INPUT DATA —
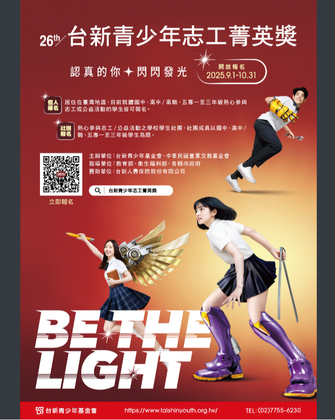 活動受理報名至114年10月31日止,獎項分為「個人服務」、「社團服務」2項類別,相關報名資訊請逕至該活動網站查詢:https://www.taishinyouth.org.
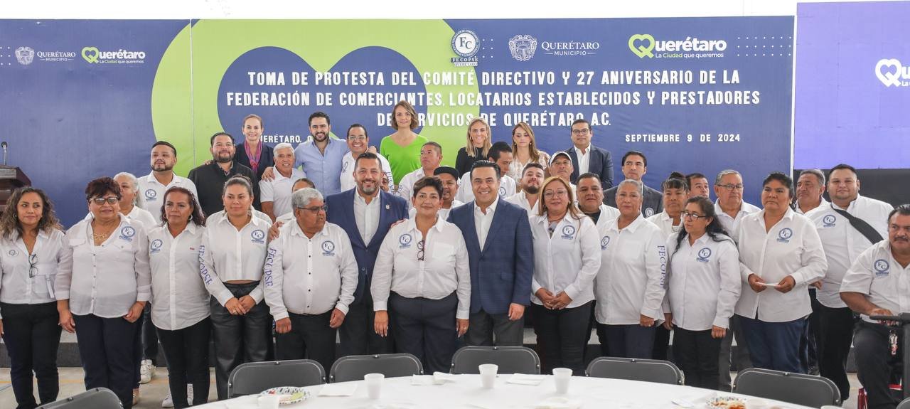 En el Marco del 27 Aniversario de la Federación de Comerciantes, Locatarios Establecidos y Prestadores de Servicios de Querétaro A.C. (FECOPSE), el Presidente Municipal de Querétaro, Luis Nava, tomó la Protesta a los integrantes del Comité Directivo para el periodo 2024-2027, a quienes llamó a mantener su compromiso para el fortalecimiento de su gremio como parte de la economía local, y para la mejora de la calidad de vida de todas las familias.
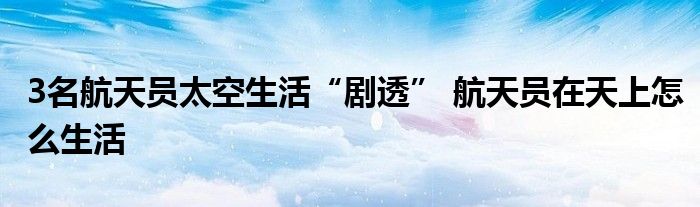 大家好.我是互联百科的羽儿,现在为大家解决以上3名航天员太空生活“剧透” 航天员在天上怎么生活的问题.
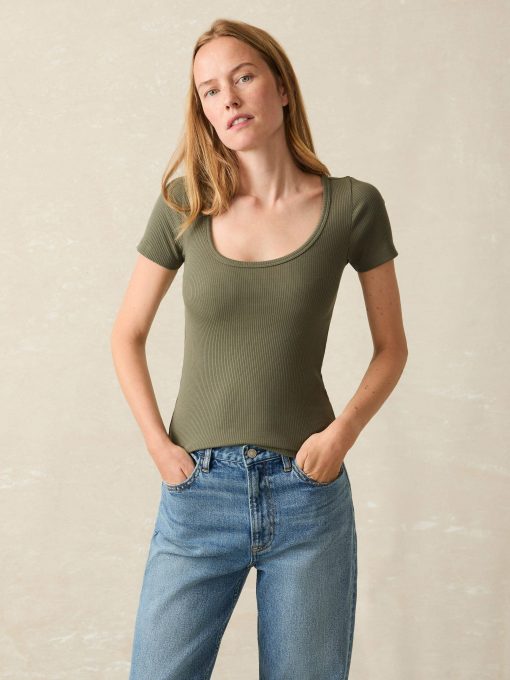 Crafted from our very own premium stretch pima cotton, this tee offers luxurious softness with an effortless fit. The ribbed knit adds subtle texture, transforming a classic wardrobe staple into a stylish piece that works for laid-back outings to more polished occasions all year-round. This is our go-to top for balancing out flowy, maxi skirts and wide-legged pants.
...
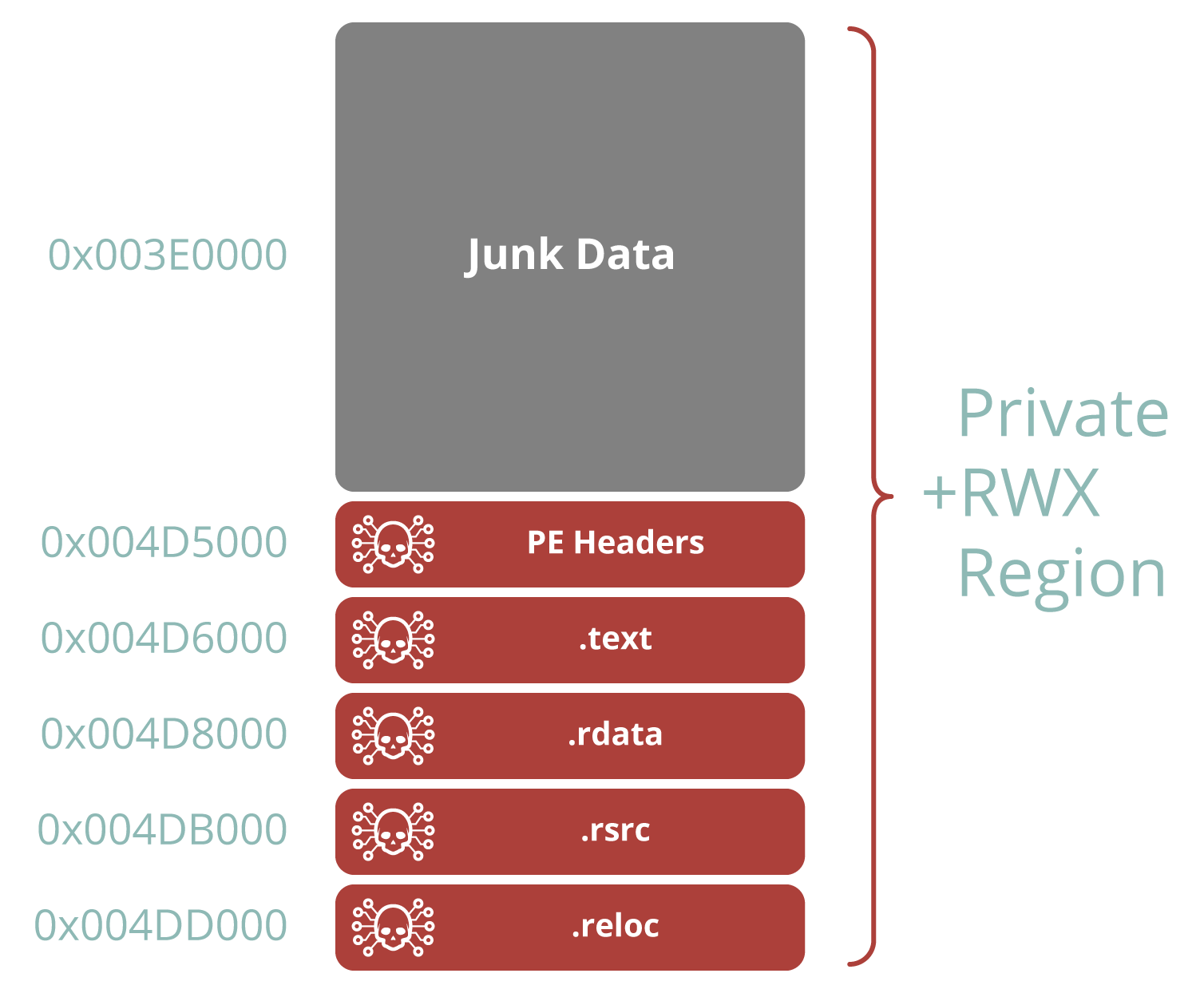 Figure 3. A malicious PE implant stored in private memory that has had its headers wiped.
---
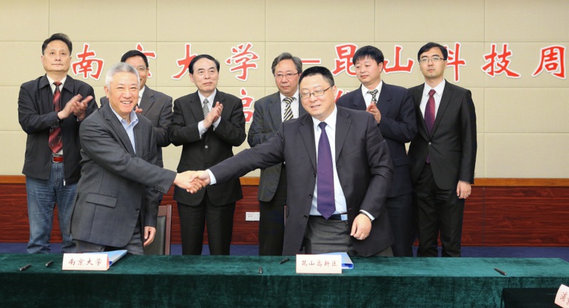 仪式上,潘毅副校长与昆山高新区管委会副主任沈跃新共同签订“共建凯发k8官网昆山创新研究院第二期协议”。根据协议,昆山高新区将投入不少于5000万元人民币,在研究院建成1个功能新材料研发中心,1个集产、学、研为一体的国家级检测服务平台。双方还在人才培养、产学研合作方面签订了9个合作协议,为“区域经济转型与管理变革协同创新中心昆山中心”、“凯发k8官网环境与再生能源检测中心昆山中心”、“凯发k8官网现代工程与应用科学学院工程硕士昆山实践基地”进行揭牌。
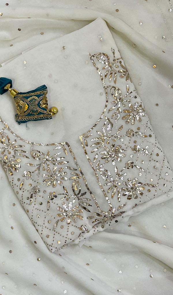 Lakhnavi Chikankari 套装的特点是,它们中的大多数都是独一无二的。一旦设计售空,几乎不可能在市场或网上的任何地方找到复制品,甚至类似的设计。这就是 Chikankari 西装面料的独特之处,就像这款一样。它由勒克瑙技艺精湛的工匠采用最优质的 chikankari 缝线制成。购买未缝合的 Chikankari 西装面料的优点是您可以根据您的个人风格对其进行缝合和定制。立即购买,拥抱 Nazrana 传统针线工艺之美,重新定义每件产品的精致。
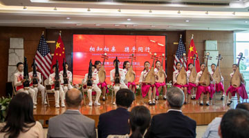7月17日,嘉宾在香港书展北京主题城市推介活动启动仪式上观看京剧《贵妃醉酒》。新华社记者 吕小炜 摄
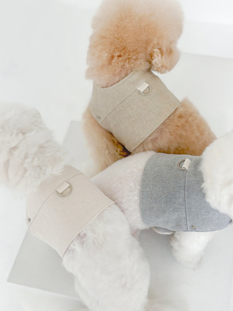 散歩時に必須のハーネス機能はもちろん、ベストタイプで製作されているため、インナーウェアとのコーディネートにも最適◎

TASK ITEM —
Set the pictures aside and reproduce exactly the lines above, from the line holding "Chikankari 西装面料的独特之处,就像这款一样。它由勒克瑙技艺精湛的工匠采用最优质的 chikankari" through the line holding "散歩時に必須のハーネス機能は", both included, with nothing else.

THE COMPLETED TASK —
 Lakhnavi Chikankari 套装的特点是,它们中的大多数都是独一无二的。一旦设计售空,几乎不可能在市场或网上的任何地方找到复制品,甚至类似的设计。这就是 Chikankari 西装面料的独特之处,就像这款一样。它由勒克瑙技艺精湛的工匠采用最优质的 chikankari 缝线制成。购买未缝合的 Chikankari 西装面料的优点是您可以根据您的个人风格对其进行缝合和定制。立即购买,拥抱 Nazrana 传统针线工艺之美,重新定义每件产品的精致。
7月17日,嘉宾在香港书展北京主题城市推介活动启动仪式上观看京剧《贵妃醉酒》。新华社记者 吕小炜 摄
 散歩時に必須のハーネス機能はもちろん、ベストタイプで製作されているため、インナーウェアとのコーディネートにも最適◎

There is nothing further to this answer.